- Aghcheh Hesar Location within Iran
- Coordinates: 35°50′20″N 50°44′05″E﻿ / ﻿35.83889°N 50.73472°E
- Country: Iran
- Province: Alborz
- County: Chaharbagh
- District: Ramjin
- Rural District: Aghlan Tappeh

Population (2016)
- • Total: 1,472
- Time zone: UTC+3:30 (IRST)

= Aghcheh Hesar =

Village in Alborz province, Iran

Aghcheh Hesar (اغچه حصار) (Note: Also romanized as Āghcheh Ḩeşār) is a village in Aghlan Tappeh Rural District of Ramjin District in Chaharbagh County, Alborz province, Iran.

==Demographics==
===Population===
At the time of the 2006 National Census, the village's population was 1,049 in 267 households, when it was in Ramjin Rural District of Chaharbagh District (Note: Renamed the Central District of Chaharbagh County) in Savojbolagh County, Tehran province.

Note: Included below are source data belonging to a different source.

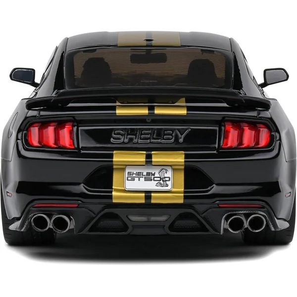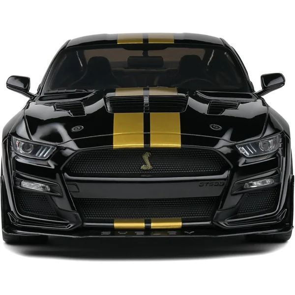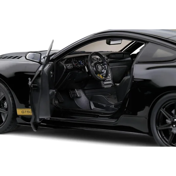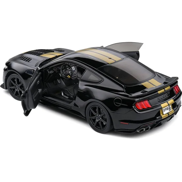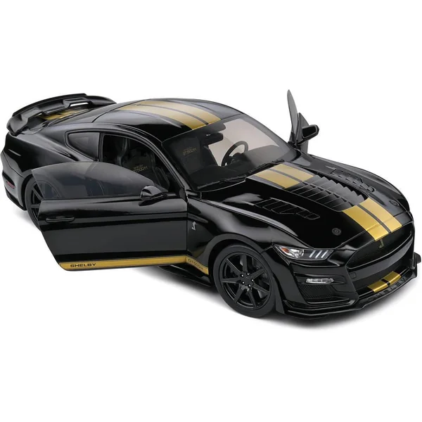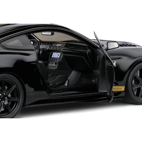 Voiture au 1/18 ème. Il s’agit de la Shelby Mustang GT500-H 2023. Coloris / noir. Voiture en métal, roues libres. Les portes à l’avant s’ouvrent.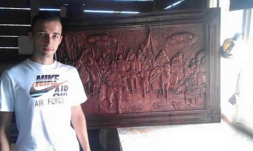 "Prvi rad koji sam napravio bila je ikona Sv. Georgija koja je nastala nakon što sam pogledao snimak rada na Internetu, a zatim uzeo alat u ruke i veliki komad drveta. Kasnije mi to postaje posao od kojeg živim", govori Dejan.
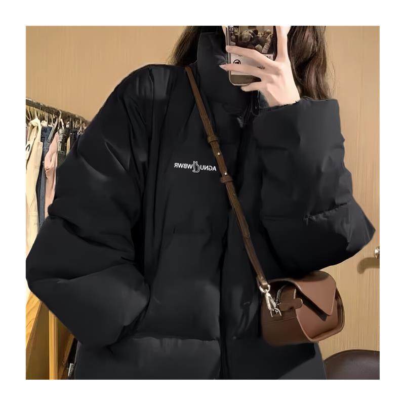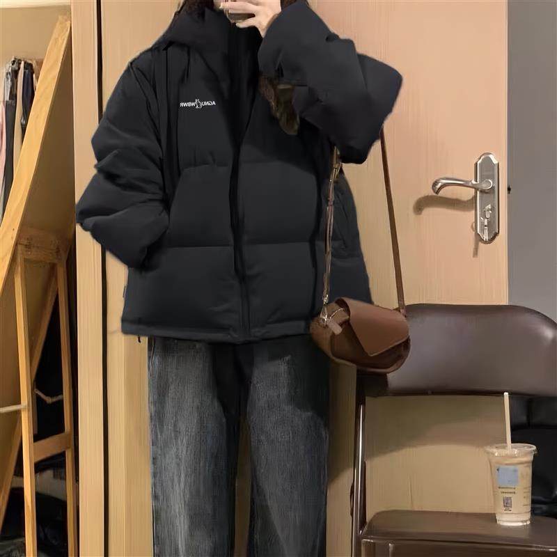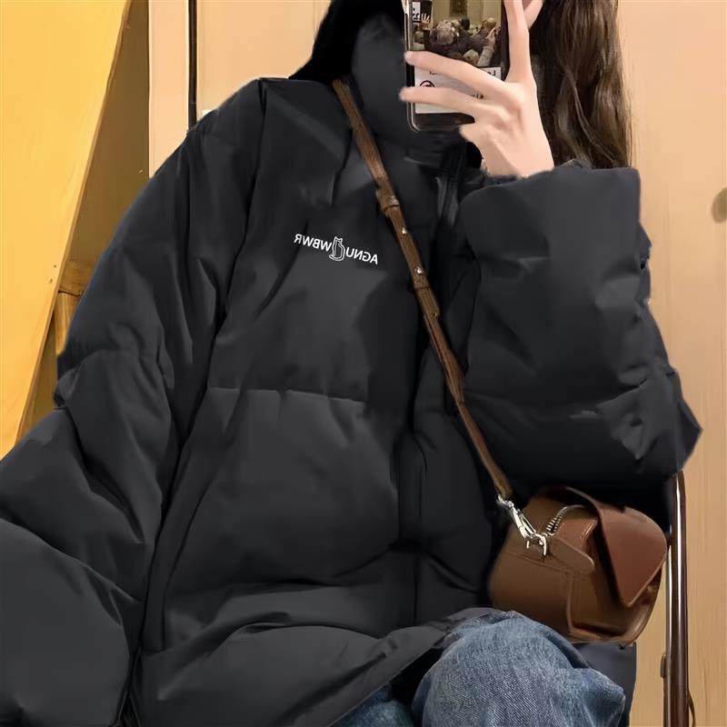 黑色百搭加厚中长款羽绒服女冬季新款初中学生冬季外套面包服棉袄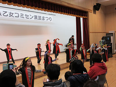 地域の皆さんが踊りや歌等を披露するこのお祭りに、八乙女児童館の「あついぜ!元気なよさこいチーム」が出演させていただきました。最初に、「よっちょれ」という踊りを発表しました。11月から練習してきたので、踊りもかけ声も元気いっぱい、堂々の演舞を披露してくれました。2つ目は「乱舞」という踊りでした。この踊りを、八乙女中学校総合伝統文化部の生徒の皆さんと共演し、先輩の迫力ある演舞を間近で見ながら踊ることができました。お客さんも手拍子やかけ声で応援してくださり、会場全体が大いに盛り上がりました。子ども達は、たくさんの地域の方の前で発表できたせいか、とても満足そうな表情をしていたのが印象的でした。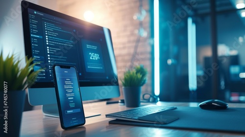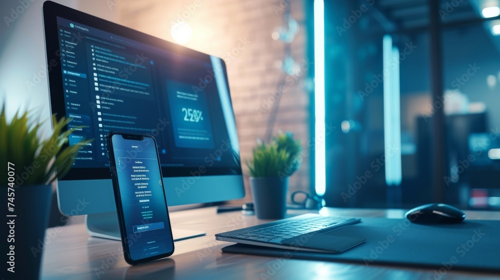 Wall mural a dynamic, close up shot of a computer screen and a smartphone side by side on a clean, modern desk.

The 2016 census measured the population of the village as 1,472 in 449 households, by which time the county had been separated from the province in the establishment of Alborz province.

In 2020, the district was separated from the county in establishing Chaharbagh County and renamed the Central District. The rural district was transferred to the new Ramjin District, and Aghcheh Hesar was transferred to Aghlan Tappeh Rural District created in the district.